Ему снились сны, оборачивающиеся кошмарами. Они были страшными и непонятными. Такова воля Готфреда...
Двигаться он не мог, не мог даже думать. Иногда в моменты просветления он понимал, что сошел с ума.
Вокруг него возникали черные лица, принадлежавшие серебряным духам. Серебряные руки трогали его, переворачивали, обшаривали тело. Его подняли и понесли куда-то, и вершины деревьев плясали перед его замерзшими глазами. Серебряные создания переговаривались между собой. Но он не мог разобрать, о чем они говорили, ибо слова их не имели смысла.
Наконец в его голове появилась одна неплохая мысль. Он решил, что проглотит язык и задохнется. Но язык его был так же недвижим, как и все тело. Где-то в небесах Готфред, должно быть, помирает со смеху.
Деревья больше не склонялись над ним. Вокруг все было залито странной белизной. Электричество, конечно. Прямо над ним висела яркая лампа, гипнотизируя его своим безжизненным светом.
Внезапно раздался какой-то шум. Нет, не шум, а тряска. Впрочем, они слились в одно непередаваемо странное ощущение.
Что-то давило на грудь Кимри, как будто на ней уселось два человека. Он не мог дышать, в ушах звенело, волны темноты накатывали на него.
Это продолжалось бесконечно долго. Страдания всегда кажутся долгими, если им сопутствует страх.
Перед его глазами появилось черное лицо. Кто-то приподнял его голову, а затем надел на нее хрустальный шар. Тело его теперь было заключено в то же странное серебристое одеяние. Голоса и шум стихли, его окутала абсолютная тишина. Он с тоской вспомнил о громе, шуме живого леса, голосах птиц, но все это осталось где-то далеко.
Грудь его освободилась от тяжести и наполнилась радостью, которую должны испытывать парящие птицы. Кимри не сомневался, что начал свой путь вниз по течению великой реки смерти. Он чувствовал себя невесомым, способным взлететь если пожелает, к небесам. Но сил на желания у него не осталось. Ведь его влекла река смерти, а человеку не подобает радоваться в такие минуты.

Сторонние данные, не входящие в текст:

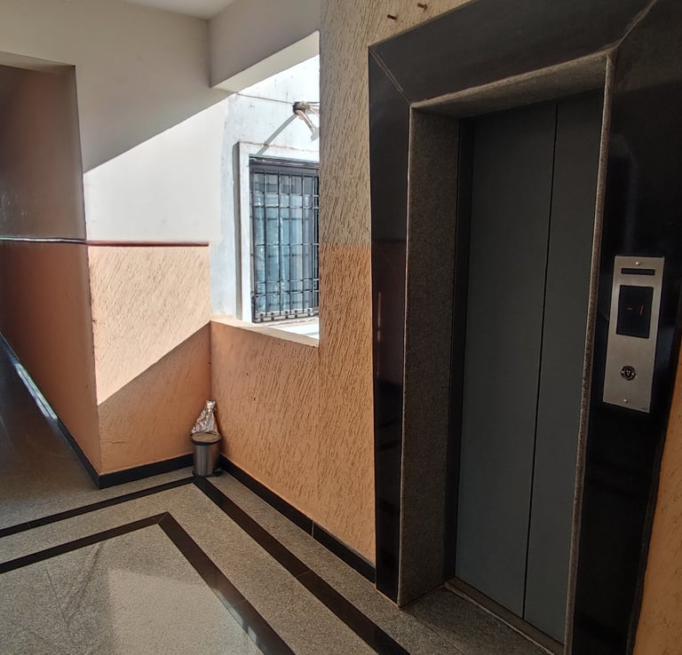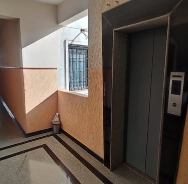 The corridors are 4ft wide and houses lift and staircases in the middle space. The place can hide garbage place outside, can hold shoe racks if choose to keep outside. Since the flat is in 3rd floor it is easy to have fresh open sky on and off. You can enter corridor from ground and cellar. From ground you can only walk, and it provides easy access to back gate.
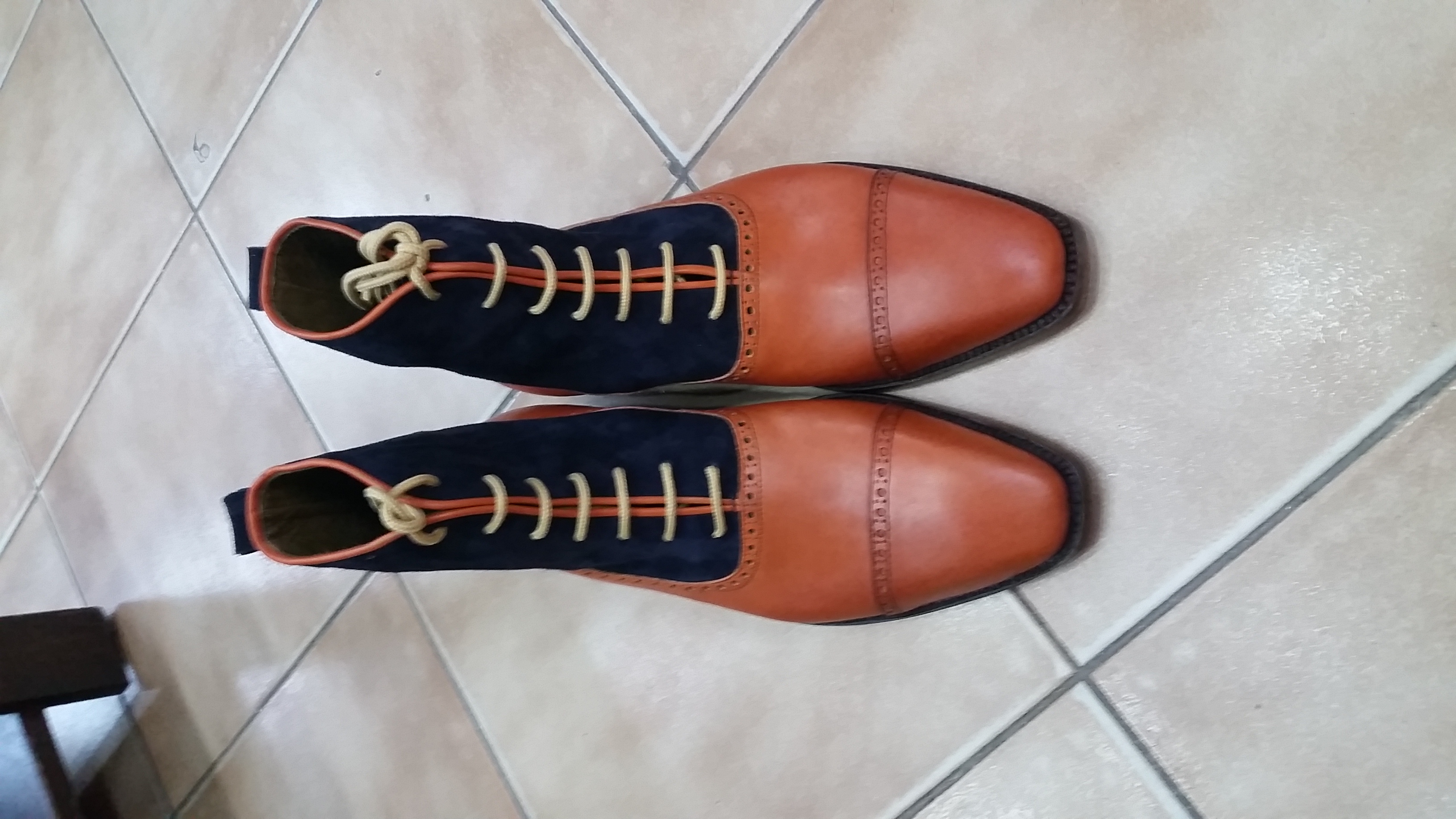 Inner: Soft Sole: Leather Gender : Male Heel: Leather Color: Blue / Brown Style: Ankle High Boot Lining Soft Calf Leather Lining Totally Hand stitched Manufacturing time 7-10 business days If you can’t find your Size/Color just send us message we will make for you.
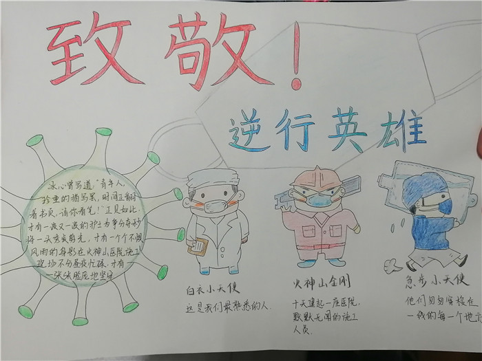旌旗漫卷遍营房,“将士”回头已褪装。退伍老兵逐渐佝偻的身躯,抗疫英雄坚定不移的步伐,都在小报上展现,简单的色彩变化透露的是对英雄满满的敬畏之情。而小报的设计初心也是学子们心中敬佩与爱戴的最直观展现。
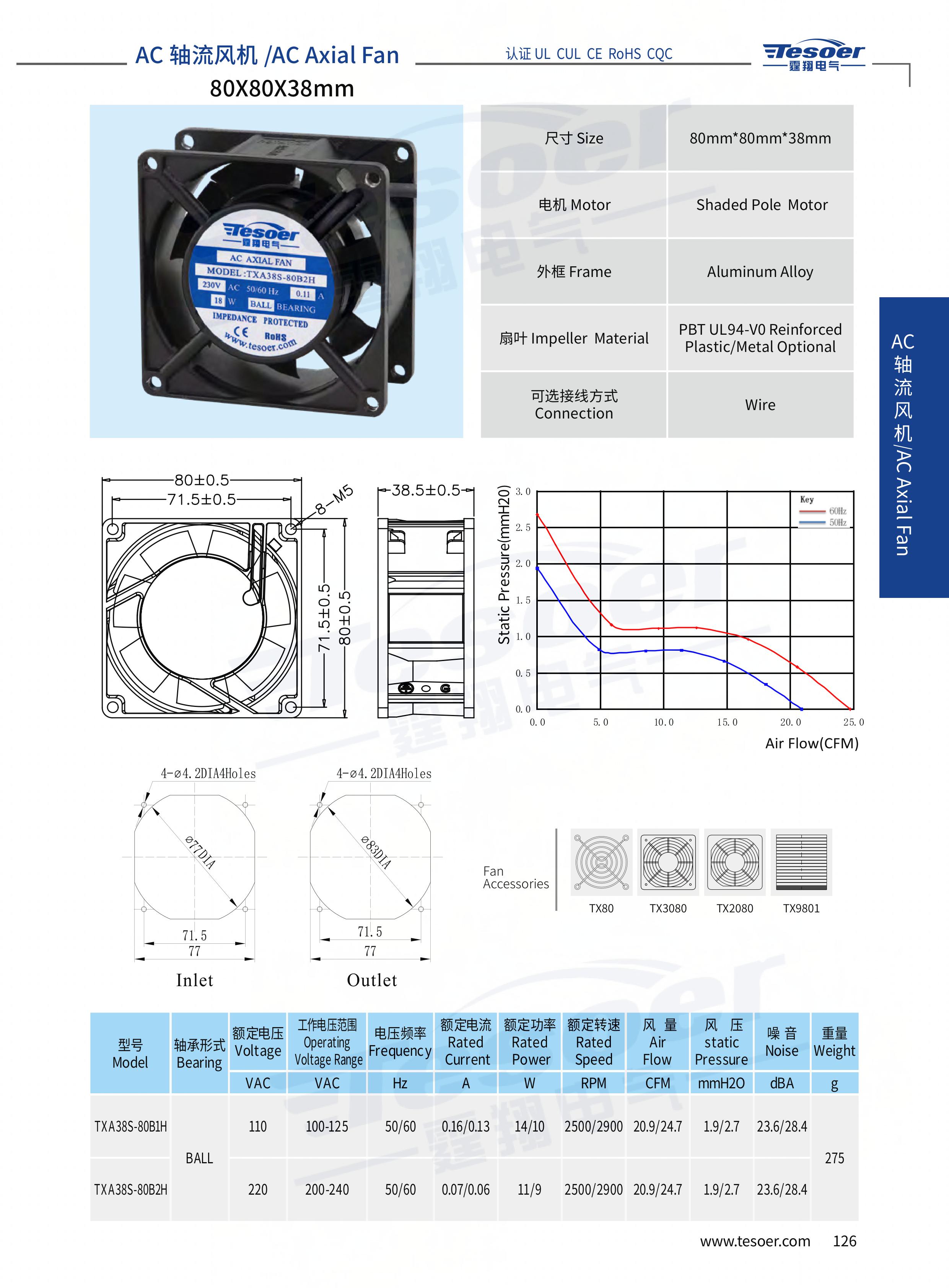 扇葉:PBT UL94-V0 Reinforced Plastic/Metal Optional

Кимри окинул мысленным взором свою жизнь. Он вспомнил детство, проведенное в Ной Лантисе. Ему повезло, у него оно было счастливое. Временами ему приходилось трудно; но память сохранила только хорошее. Он вспомнил рыночную площадь ранним утром, когда она наполнялась запахом свежеиспеченного хлеба, которым торговали с лотков. Он вспомнил свою первую женщину. Ее звали Норвеной. Или как-то иначе? Неважно. Важно то, что она сделала мужчину из ребенка, открыла ему глаза на красоту женского тела. Он вспомнил ее маленькие груди, заставлявшие колотиться его сердце. Его плоть отзывалась на зов ее плоти. Слова были редки, а чувства сильны. Они часто виделись, но однажды она не пришла. Много дней он ждал ее у пруда, где они впервые встретились и любили друг друга и который считали своим. Она не пришла. Он так и не узнал, что с ней случилось, но молился, чтобы это было что-то хорошее. Или, по крайней мере, быстрое. Мир тебе, Норвена. Я, Кимри, завершаю свой путь.

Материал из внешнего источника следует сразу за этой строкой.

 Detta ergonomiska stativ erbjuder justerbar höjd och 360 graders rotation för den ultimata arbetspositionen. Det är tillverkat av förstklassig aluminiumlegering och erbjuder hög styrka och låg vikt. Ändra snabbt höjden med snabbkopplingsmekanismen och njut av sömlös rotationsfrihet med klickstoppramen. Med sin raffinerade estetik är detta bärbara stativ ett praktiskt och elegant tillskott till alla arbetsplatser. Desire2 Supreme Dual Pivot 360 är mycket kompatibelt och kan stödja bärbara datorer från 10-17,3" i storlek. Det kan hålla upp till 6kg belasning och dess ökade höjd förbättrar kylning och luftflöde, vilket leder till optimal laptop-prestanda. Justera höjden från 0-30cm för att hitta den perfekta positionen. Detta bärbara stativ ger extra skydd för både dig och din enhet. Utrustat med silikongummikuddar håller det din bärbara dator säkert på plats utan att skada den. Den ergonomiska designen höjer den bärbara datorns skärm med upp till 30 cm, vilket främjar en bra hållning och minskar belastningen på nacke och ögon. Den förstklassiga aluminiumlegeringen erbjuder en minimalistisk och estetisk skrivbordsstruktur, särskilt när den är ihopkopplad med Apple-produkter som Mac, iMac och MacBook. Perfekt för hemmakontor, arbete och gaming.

Но тут он ошибался. Его путь был далек от завершения. Наоборот, он лишь начинался.
После того, как десантный катер уравнял орбитальную скорость со скоростью корабля-базы, началась сложная операция стыковки. Затем Кимри перенесли в больничный отсек, сняли с него скафандр и сделали укол, снимающий паралич, вызванный анестезирующим зарядом, выпущенным из пистолета Мирлены.
И вот он, белый человек с планеты Земля, оказался в окружении черных марсиан, с которыми ему предстояло вступить в контакт.
12
Кимри не позволили оставаться в больничном отсеке слишком долго. Об этом позаботился Корд Венгель. К этому времени он уже оправился от своей загадочной болезни и смутно подозревал, что стал жертвой заговора. А потому несколько дней портил нервы всем окружающим, включая капитана Луза, впрочем, не переходя границ субординации.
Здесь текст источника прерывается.